Nueve meses en la distancia templaron mi antipatía, hasta el punto de regresar con todas las buenas intenciones posibles de hacer las paces, pero Gella no había cambiado lo más mínimo de opinión y no sólo me recibió fríamente, sino que, habituada con el tiempo a la nueva casa, ¡me pareció como si me considerara un invitado más que como el dueño!... Y así uno, dos, muchos años. Cansado de tratarla bien y de perseguirla, finalmente yo también terminé por imitarla. Entre Gella y yo no había ninguna confianza, ningún afecto, ninguna de esas finas atenciones o de esas peleas efímeras que son habituales entre personas que conviven bajo el mismo techo. Y mientras que en el pueblo se decía que en cuanto me licenciara me casaría con mi prima, entre nosotros no había ni un vago atisbo de amor, ni el más mínimo pensamiento nos unía, nosotros que nos veíamos cada segundo, nosotros que nos habíamos convertido en dos hermosos jóvenes: yo moreno, elegante, que hacía que a mi llegada todo el pueblo pareciera un hervidero. Y
ella delgada, etérea, rubia, con los ojos impenetrables, del celeste pálido
pero ardiente de las montañas calizas que dominaban nuestra casa, con esa piel
rosa aterciopelada en sus mejillas con dos hoyuelos cautivadores cada vez que
se dignaba a sonreír, en el cuello, en las orejas pequeñas e incluso en las manos.
Siempre vestía de blanco tanto en casa como cuando salía, ni una cinta, ni una
joya, ni un solo hilo de color nunca jamás. Y yo que odiaba el blanco, la
llamaba con ironía Cassandra Fedele, pero ella, como de costumbre, no le hacía
el más mínimo caso a mis bromas.
Una noche,
bastante tarde, al cerrar la ventana de mi habitación vi a Gella en la
balconada del primer piso. Erguida, inmóvil, con las manos entrelazadas sobre
el balaustre. Vestía como siempre de blanco, un vestido largo, delicado que la
hacía parecer más alta y delgada. Las mangas larguísimas, del codo para abajo,
le caían a la hebrea junto a las elegantes caderas, dejando al desnudo parte
de sus brazos, delgados pero bien formados, y sus cabellos rizados,
indomables, le caían sobre los hombros, la mitad en una trenza y el resto
sueltos.
El rayo de luna que le caía sobre el rostro la hacía tan blanca, diáfana
y fantástica que yo, a pesar de estar tan mal dispuesto en su contra, no sólo
me vi obligado a confesarme lo hermosa que era, sino que me quedé quieto sobre
el alfeizar a contemplarla como una aparición sobrenatural... Pero, ¿qué hacía
ahí a esas horas?
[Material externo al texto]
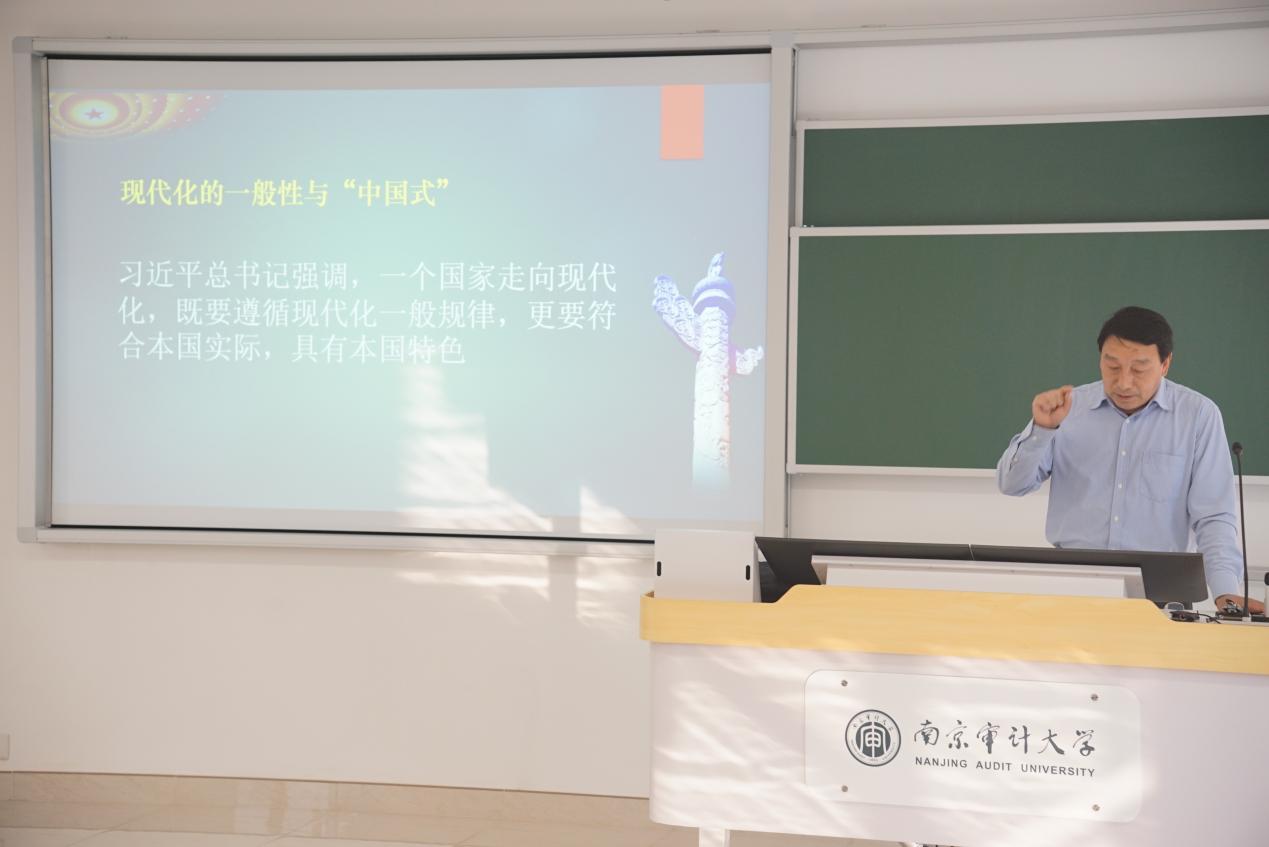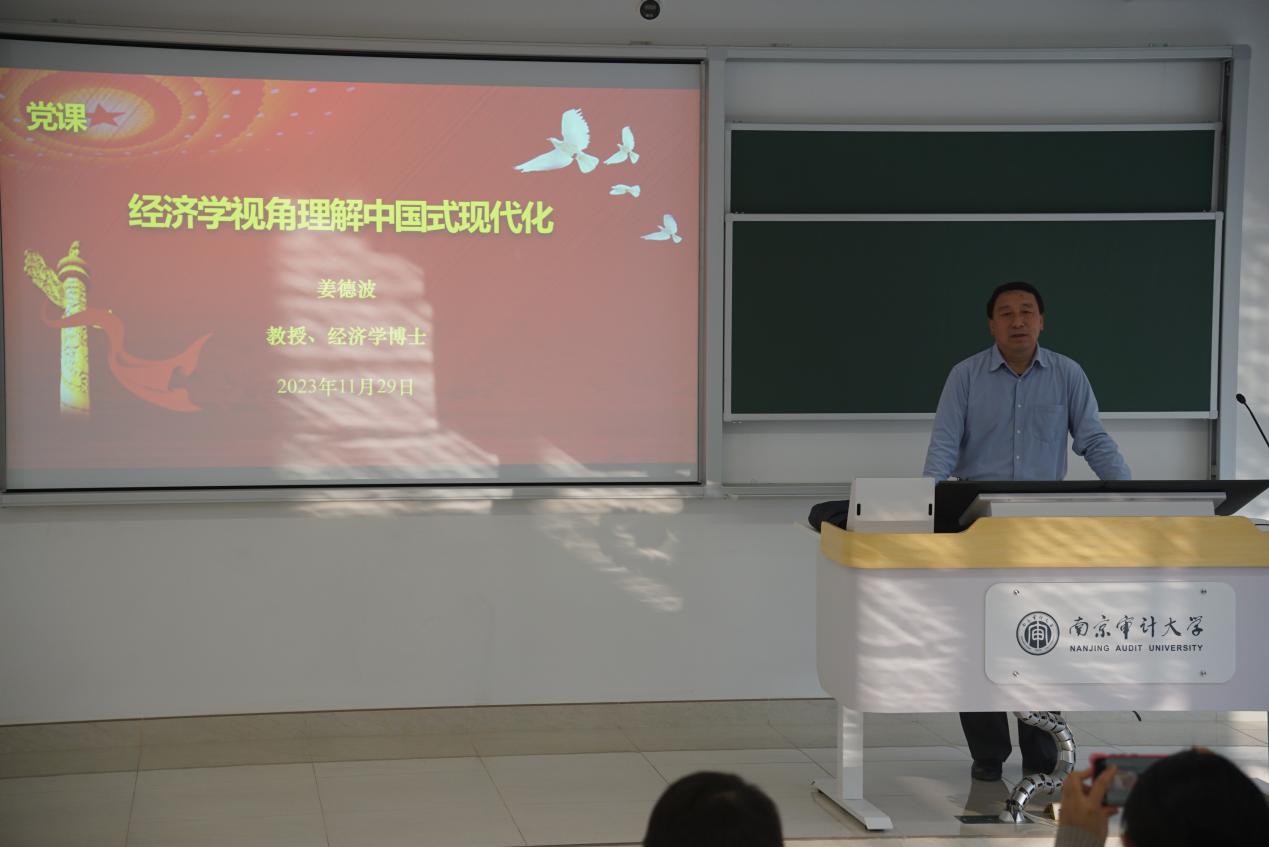 姜德波教授的党课内容包括“中国式现代化的提出”“经济现代化是中国式现代化的物质基础”“推进中国式经济现代化建设进程”等三个部分。他首先引用党的二十大报告中关于中国式现代化的论述,论证了中国式现代化是对现代化理论的一次重大突破,也为人类探索现代化道路提供了新选择,作出了新贡献。姜德波强调,中国式现代化是中国共产党领导的社会主义现代化,既有各国现代化的共同特征,更有基于自身国情的中国特色。他分析了中国式现代化与西方现代化的根本区别,并对“现代化就是西方化”“历史终结论”等错误观点进行了批判。

No recordaba haberla visto nunca tan tarde en el balcón y,
sabiendo lo poco inclinada que era a los encantos de la noche, pensé que
esperaba a alguien, recordando de pronto que Gella tenía una edad en la que es
imposible que una muchacha bella no tenga un enamorado.
Si, Gella estaba esperando. De forma instintiva sentí renacer dentro de mí todos los viejos rencores contra mi prima, o al menos algo que podría llamar así. Era un sicólogo demasiado poco profundo como para darme cuenta de que en realidad estaba celoso, probablemente incluso antes de estar enamorado y, sin percibir bien la causa de mi súbita indignación, me pareció que Gella deshonraba nuestra casa con su ligereza de muchacha hablando de noche con un hombre. Sentí el cerebro ofuscarse dolorosamente, al tiempo que sentía una extraña felicidad pensado que finalmente podría humillarla. Humillarla, ¡oh sí, humillarlal... ¡Verla finalmente inclinar frente a mí esos ojos altivos y misteriosos, esa frente fría e irónica! ¡Qué victorial... Me volví un niño sin sopesar por un momento mi odiosa y ligera acción, dejé la ventana, descendí y me presenté junto a Gella con el aspecto de un marido que pillara a su mujer infraganti, diciéndole en voz muy baja pero imperiosa: "¿Qué haces aquí a estas horas?".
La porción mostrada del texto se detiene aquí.